# WHAT THE EXERCISE ASKS
The records below are to be reproduced exactly, with every picture left out.

# Items from a data source
━━━━━━━━━━━━━━━━
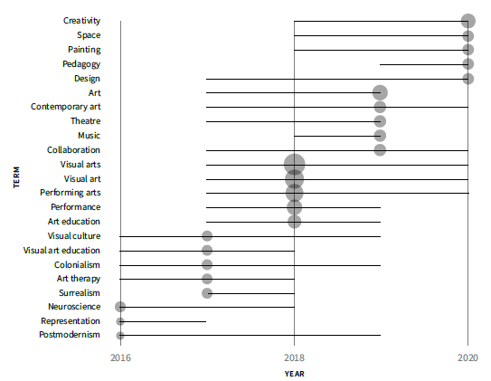 Meanwhile, the results of this bibliometric analysis reveal how topics related to visual and performing arts have transformed over the years. Topic identification was made through the trend analysis technique based on keywords (Wang; Cheng; Lu, 2014). Thus, variation between 2016 and 2020 is shown. In the former year, a higher trend toward topics related to neuroscience, postmodernism, and representation is shown, whereas, in the latter, topics such as pedagogy, creativity, space, painting, and design are emphasized. Moreover, Figure 10 shows the topic evolution in terms of arts and visual arts as well as how words such as ekphrasis and love have transcended.
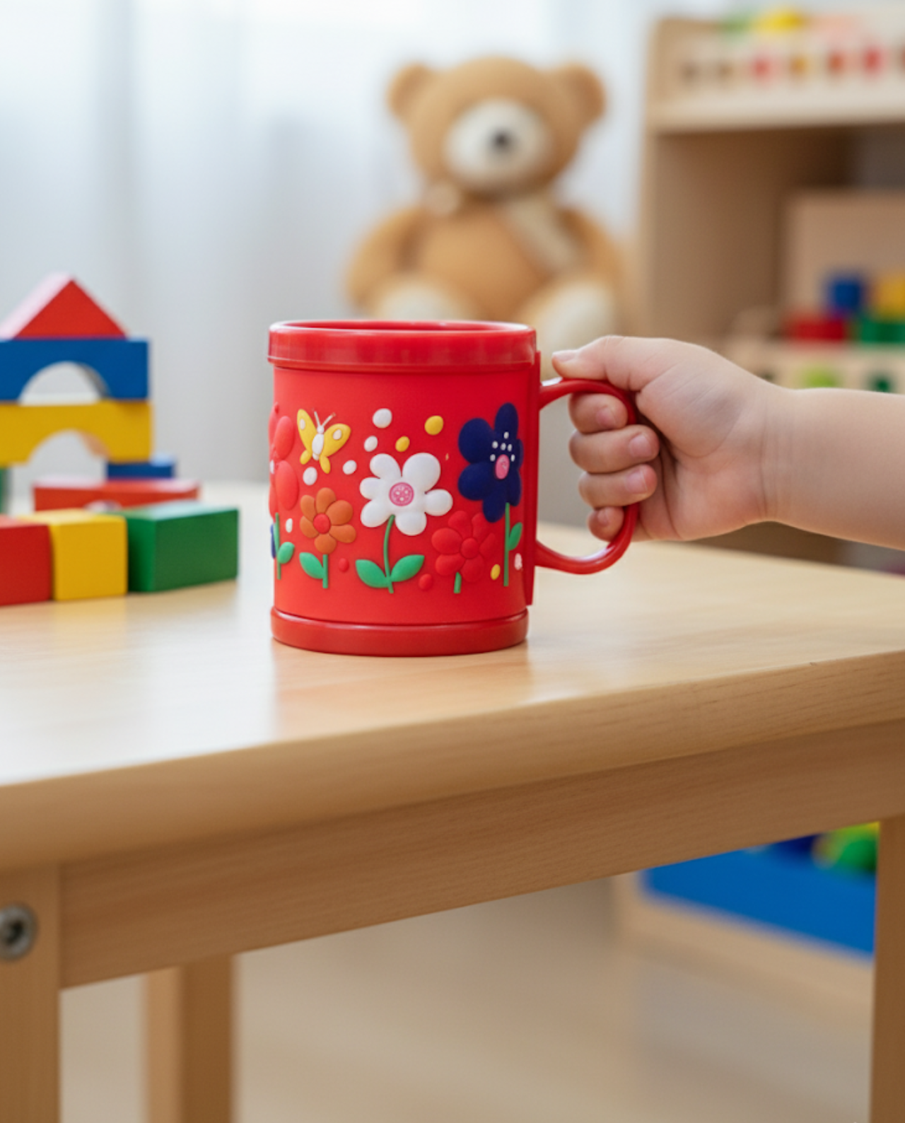 Red Butterfly & Flower Toddler Mug – Sips of Joy for Little Hands!
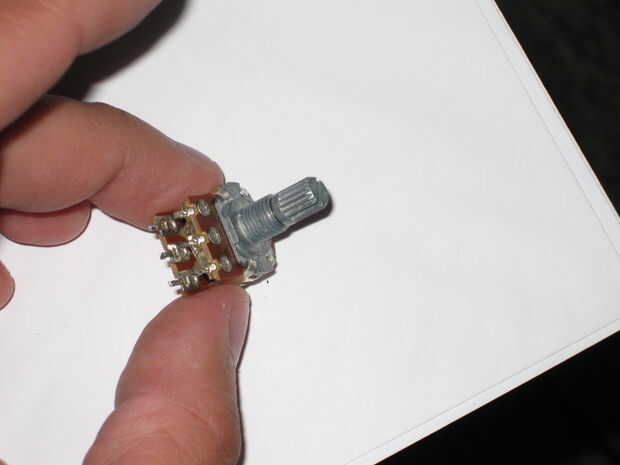 tengo dos opciones: sacar mi potenciómetro vol Junta poco o hacer mi control remoto con poco y dos potenciómetros... (esta foto es otro potenciómetro por ejemplo... No quité vol potenciómetro del tablero pequeño) - sin embargo, ver foto... 6 piernas de potenciómetro... cable de LAN tiene 8 cables...
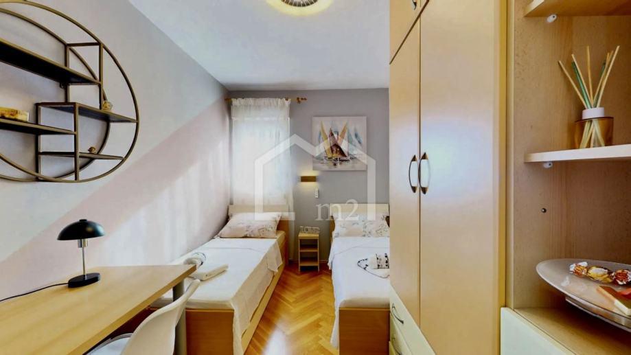 Stanu pripada sušiona za veš koja se nalazi između drugog i trećeg kata a može se koristiti i kao ostava. Nalazi se u blizini mora, dućana, škole i svih ostalih sadržaja za ugodan život. Potpuno namještajem, opremljen klima uređajem, perilicom suđa, perilicom rublja i kao takav se i iznajmljuje. Režije plaća najmoprimac po potrošnji. Nisu dozvoljeni kućni ljubimci.
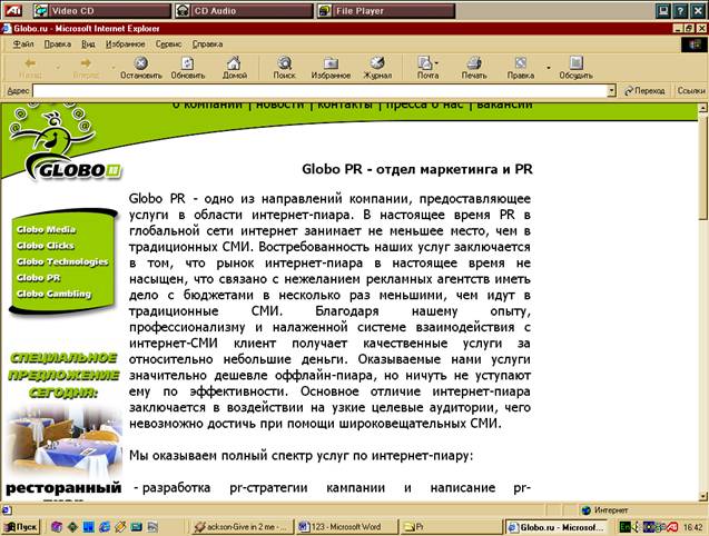 Этот сайт (http://www.globo.ru/) является полезным для тех, кто нуждается в таких услугах по Internet-PR:
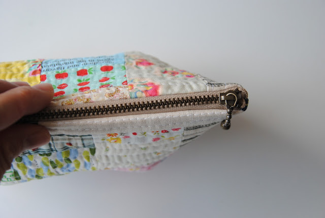 Remember that I had made another Travel Outbound bag for another dear friend, the one with brown and sweet button print in the front. Well, I also made one for myself used the vintage bias tape print , the one stuffed with sewing supplies, tools, pens, notepads, needle book. This is my newest sewing bag and love it so much!
━━━━━━━━━━━━━━━━
# REPLY TO THE EXERCISE
 Meanwhile, the results of this bibliometric analysis reveal how topics related to visual and performing arts have transformed over the years. Topic identification was made through the trend analysis technique based on keywords (Wang; Cheng; Lu, 2014). Thus, variation between 2016 and 2020 is shown. In the former year, a higher trend toward topics related to neuroscience, postmodernism, and representation is shown, whereas, in the latter, topics such as pedagogy, creativity, space, painting, and design are emphasized. Moreover, Figure 10 shows the topic evolution in terms of arts and visual arts as well as how words such as ekphrasis and love have transcended.
 Red Butterfly & Flower Toddler Mug – Sips of Joy for Little Hands!
 tengo dos opciones: sacar mi potenciómetro vol Junta poco o hacer mi control remoto con poco y dos potenciómetros... (esta foto es otro potenciómetro por ejemplo... No quité vol potenciómetro del tablero pequeño) - sin embargo, ver foto... 6 piernas de potenciómetro... cable de LAN tiene 8 cables...
 Stanu pripada sušiona za veš koja se nalazi između drugog i trećeg kata a može se koristiti i kao ostava. Nalazi se u blizini mora, dućana, škole i svih ostalih sadržaja za ugodan život. Potpuno namještajem, opremljen klima uređajem, perilicom suđa, perilicom rublja i kao takav se i iznajmljuje. Režije plaća najmoprimac po potrošnji. Nisu dozvoljeni kućni ljubimci.
 Этот сайт (http://www.globo.ru/) является полезным для тех, кто нуждается в таких услугах по Internet-PR:
 Remember that I had made another Travel Outbound bag for another dear friend, the one with brown and sweet button print in the front. Well, I also made one for myself used the vintage bias tape print , the one stuffed with sewing supplies, tools, pens, notepads, needle book. This is my newest sewing bag and love it so much!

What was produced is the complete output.